(Saved entries)
=== Begin Enclosure ===

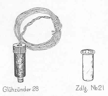 The electrical igniter exists in two forms: the instantaneous form, "Glühzünder 28", and the delay form "Glühzünder mit Verzögerung". They are made of thin aluminum and black plastic and are fitted with a pair of 36 inch plastic insulated wires; they measure 2.2 inches in length and 0.6 inches in diameter, and the aluminum end is thraded to fit the standard site igniter socket. The delay form of this igniter may have a delay time as high as 10 seconds; there are five different delay periods. |
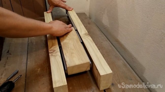 Примеряем и монтируем каретку к двум отрезкам бруса длиной 700 мм.
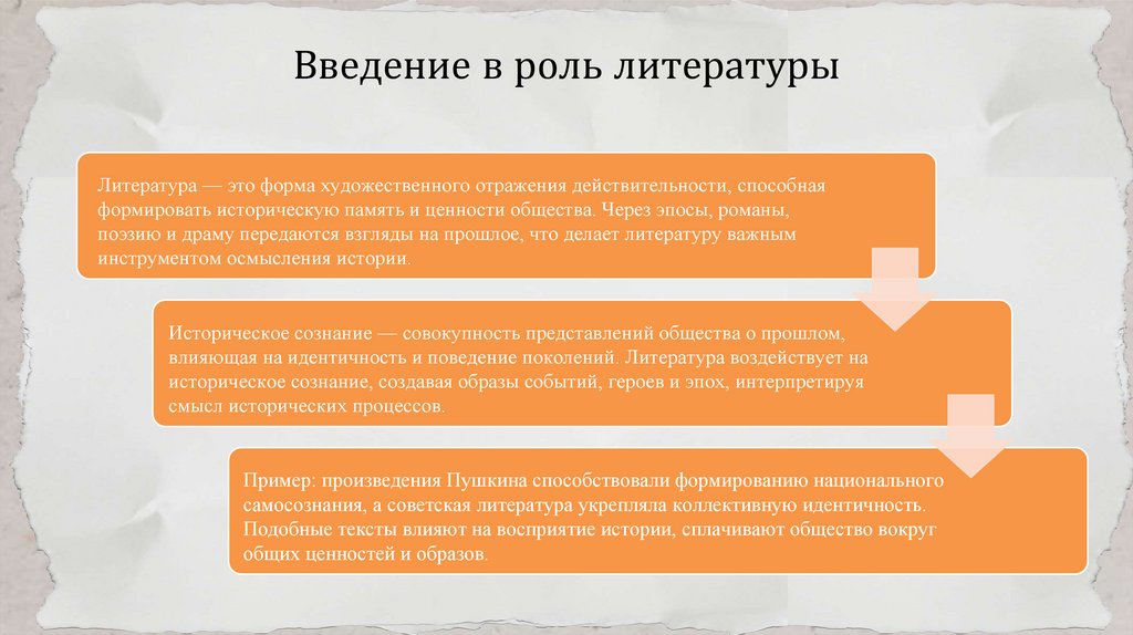 Введение в роль литературыЛитература — это форма художественного отражения действительности, способная
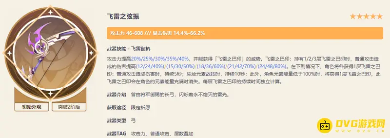提纳里能吃到飞雷弓的暴伤副词条属性,也能吃到武器特效20%攻击力加成;但另一个很重要的武器特效吃不到,那就是普攻伤害,毕竟提纳里主要是靠蓄力重击和大招打伤害,普攻增伤毫无意义。
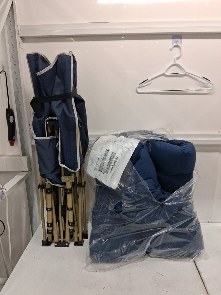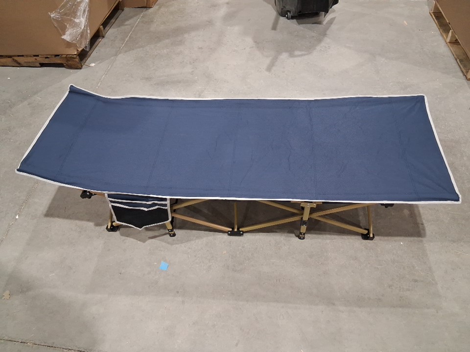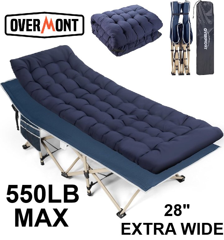 OVERMONT Oversized Extra Wide Folding Camping Bed Cot - 75" x 28" x 12" - 550lb cap - blue (model: ‎OM-Camp Bed-with Pad-Blue)

=== End Enclosure ===

_WHAT TO WORK ON_
In your copy, repeat each record exactly and include no pictures.

_RESPONSE TO THIS EXERCISE_
 The electrical igniter exists in two forms: the instantaneous form, "Glühzünder 28", and the delay form "Glühzünder mit Verzögerung". They are made of thin aluminum and black plastic and are fitted with a pair of 36 inch plastic insulated wires; they measure 2.2 inches in length and 0.6 inches in diameter, and the aluminum end is thraded to fit the standard site igniter socket. The delay form of this igniter may have a delay time as high as 10 seconds; there are five different delay periods. |
 Примеряем и монтируем каретку к двум отрезкам бруса длиной 700 мм.
 Введение в роль литературыЛитература — это форма художественного отражения действительности, способная
提纳里能吃到飞雷弓的暴伤副词条属性,也能吃到武器特效20%攻击力加成;但另一个很重要的武器特效吃不到,那就是普攻伤害,毕竟提纳里主要是靠蓄力重击和大招打伤害,普攻增伤毫无意义。
 OVERMONT Oversized Extra Wide Folding Camping Bed Cot - 75" x 28" x 12" - 550lb cap - blue (model: ‎OM-Camp Bed-with Pad-Blue)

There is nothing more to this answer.